Following the French government’s announcement of an auto industry bailout that included some pro-EV measures, the German government has unveiled a stimulus package that advances vehicle electrification.

Chancellor Angela Merkel’s Christian Democratic Union, along with its two governing partner parties, hashed out the agreement in a marathon 21-hour negotiating session. The package, which is expected to cost €130 billion over the next two years, includes a cut in the country’s VAT tax, as well as financial help for municipalities and for families with children.

The legislation establishes a €50-billion fund for “addressing climate change, innovation and digitization.”
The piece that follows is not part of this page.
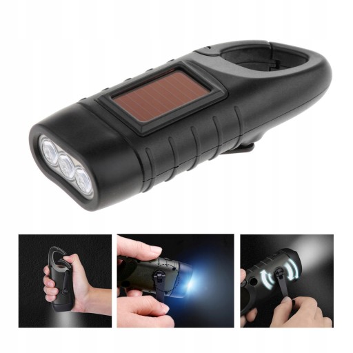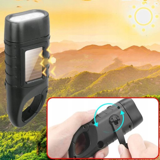 - LATARKA 3 LED DYNAMO RĘCZNA KORBKĘ SŁONECZNA LAMPA 2W1 -

The current EV incentive of €3,000 will be doubled to €6,000 for new cars costing less than €40,000. The price limit to receive adjusted tax benefits for EVs will be raised from €40,000 to €60,000, and an existing EV tax exemption will be extended from 2025 to 2030.

Germany’s automakers were hoping for measures that would incentivize the sale of fossil-fuel vehicles. German state governments with major auto industry presence proposed incentives of €3,000 for legacy vehicle purchases, along with a scrappage scheme that would award an additional €1,000 for taking an older vehicle out of service. Lawmakers said “Nein, danke” to this proposal.

The temporary reduction of the country’s Value Added Tax (VAT) from 19% to 16% will benefit buyers of all vehicles. The auto industry, including suppliers, will receive €2 billion worth of support for R&D over the next two years. Other than that, the automobile-related incentives contained in the package are aimed squarely at electrification and emissions reduction. Chancellor Merkel said the “toughest crisis” in Germany’s modern history would be used as an opportunity to reconfigure the country for the 21st century.

“This is about renewable energies. This is about all the climate activities which are necessary to get to a [carbon] neutral economy in 2050,” Finance Minister Olaf Scholz told CNN. “We have to start now.”

Other transport-related measures include: an increase in the vehicle tax for high-emission vehicles; €200 million worth of support for fleet electrification for social NGOs; €1.2 billion in support for electrifying bus and truck fleets; €7 billion of investment in hydrogen technology; and €2.5 billion euros in support for EV R&D, charging infrastructure and battery manufacturing.

The infrastructure investment plan includes support for installing EVSE at gas stations. Some media outlets reported that the package will “require every gas station to have charging stations,” but details of the measure have not yet been revealed. As several EV industry observers noted, gas stations are generally not considered optimal locations for charging stations, except for DC fast charging at locations near highways. Electrek’s Bradley Berman stated the case well, writing that Level 2 charging is “definitely not the right choice for a gas station,” and suggesting that German policymakers were “applying an outdated combustion-oriented frame of mind to new technology.”